The algorithm is implemented in the algorithm directory. The algorithm trains a neural policy to solve reward networks tasks.

Online Experiment

The online experiment is hosted on the backend and frontend services. The frontend is a React application that allows participants to solve reward networks tasks. The backend is a Flask application that serves the frontend and stores the data from the experiment.

Visualizations

The visualizations are stored in the analysis/plots directory.
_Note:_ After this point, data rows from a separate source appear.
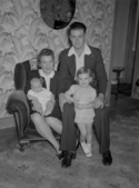 Title: Ray and Marg (nee Fritz) Montgomery and Family on December 3, 1946 Part of: Wrathall Photo Finishing Ltd. fonds Level: Item Date: December 3, 1946 Physical Description: ["1 nitrate negative : b&w ; 11 x 8 cm (referred to as copy 1)", "1 photograph : b&w ; 26 x 21 cm (referred to as copy 2)"] Description: Item consists of Marg Montgomery (nee Fritz) sitting and holding a baby and Ray Montgomery sitting with a little girl standing in front of him in a living room. Handwritten annotation on recto of copy 2 reads: "Margurete [sic] Fritz. Mr. & Mrs. Montgomery & Family. Dec. 3. 1946." Stamped annotation » View details and larger image |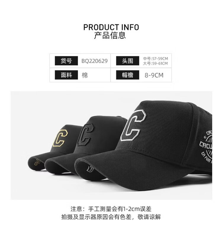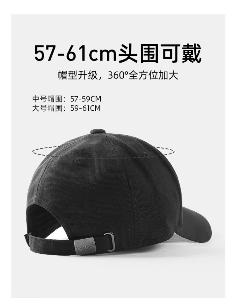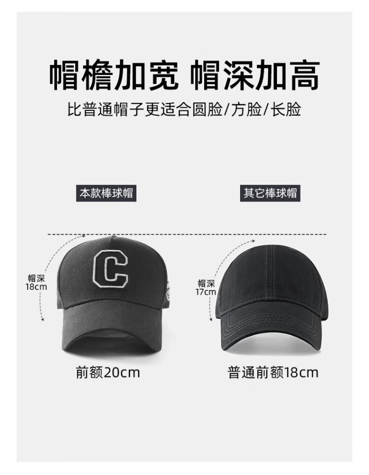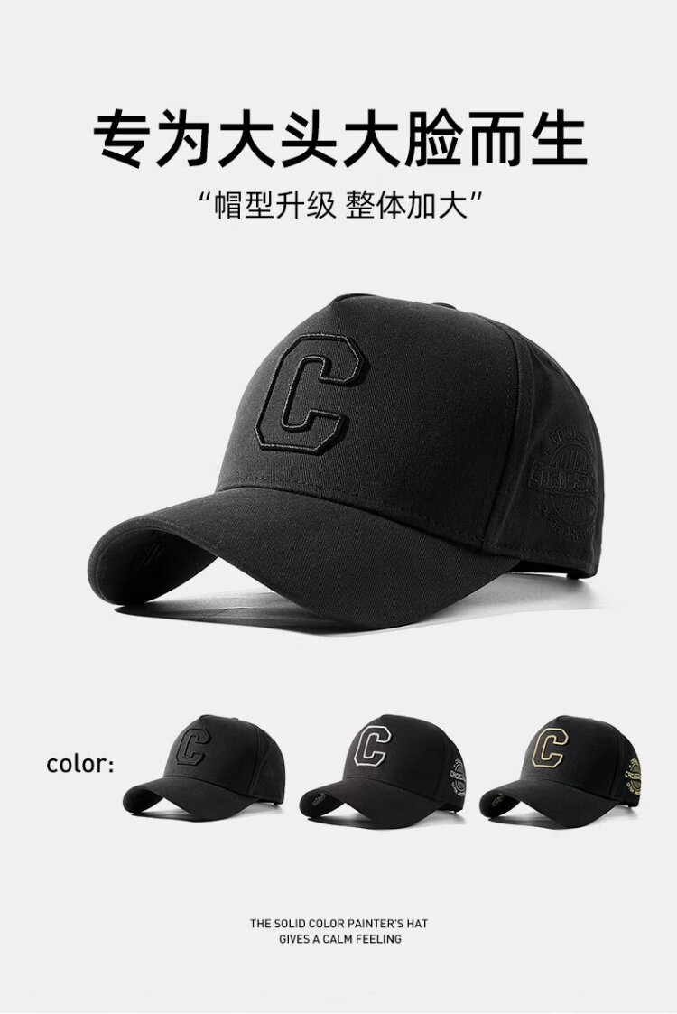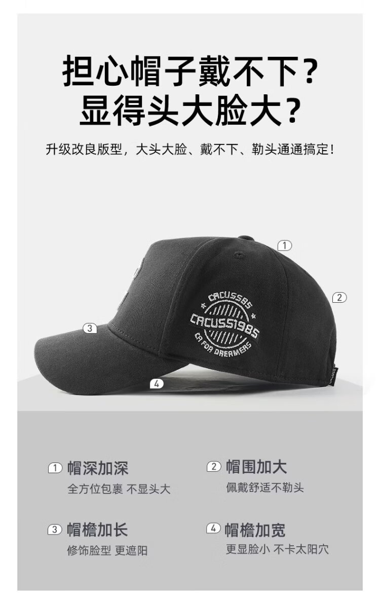 CACUSS wool baseball hat men's winter large head circumference high peaked cap outdoor casual hat gray L
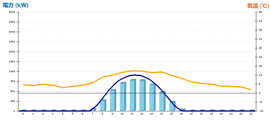 | 時刻 | 日射強度 (kW/㎡) | 気温 (℃) | 発電電力量 (kWh) | CO2削減量 (kg-CO2) | 売電金額(概算) (円) |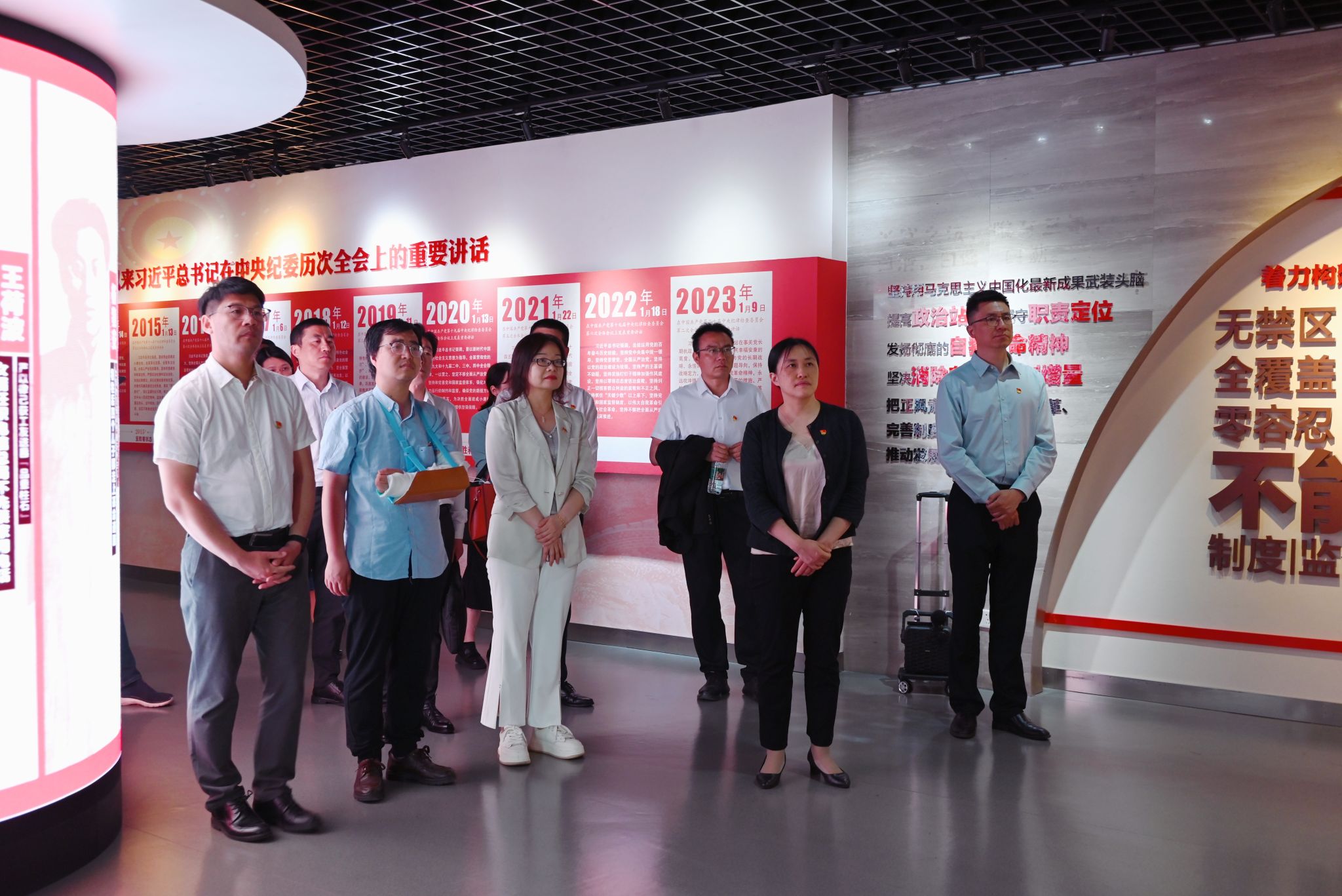 为深入学习贯彻习近平新时代中国特色社会主义头脑,,,,,切实把头脑和行动统一到党中央决媾和安排上来,,,,,扎实推进党纪学习教育,,,,,越发深刻熟悉增强党的纪律建设的主要性,,,,,以严正纪律推进党的自我革命,,,,,5月15日下昼,,,,,纪委办公室、党委组织部团结组织校纪委委员、二级党组织纪检委员、新提任干部、年轻干部、专职纪检干部等近70人赴王荷波纪念馆、南京条约史料摆设馆(南京静海寺纪念馆)开展现场教学。。。。。。党委常委、纪委书记王靖华出席,,,,,党委常委、组织部长张远凤,,,,,纪委副书记、纪委办公室主任周骏加入。。。。。。

The corresponding notebooks are stored in the analysis directory.

Statistical Analysis

The statistical analysis is stored in the statistics directory.

Installation

Docker

Network generation, training of the algorithm, and running the backend can be done using Docker. To build the Docker image, run the following command:

docker compose build all

Python

For running the descriptive analysis of the results, the following setup is required:

python3.10 -m venv .venv
. .venv/bin/activate
pip install --upgrade pip
pip install wheel
pip install -e ".[viz]"

Or us the following command to install all dependencies:

pip install -e ".[viz,dev,backend,train]"

Usage

Training of the Machine Player

See the respective algorithm README for more details.

Run the experiment

Start the frontend and backend services using the following command:

docker compose up frontend backend

Visualizations of Experimental Data, Agent-Based Model, and Algorithmic Learning Curve

See the respective analysis README for more details.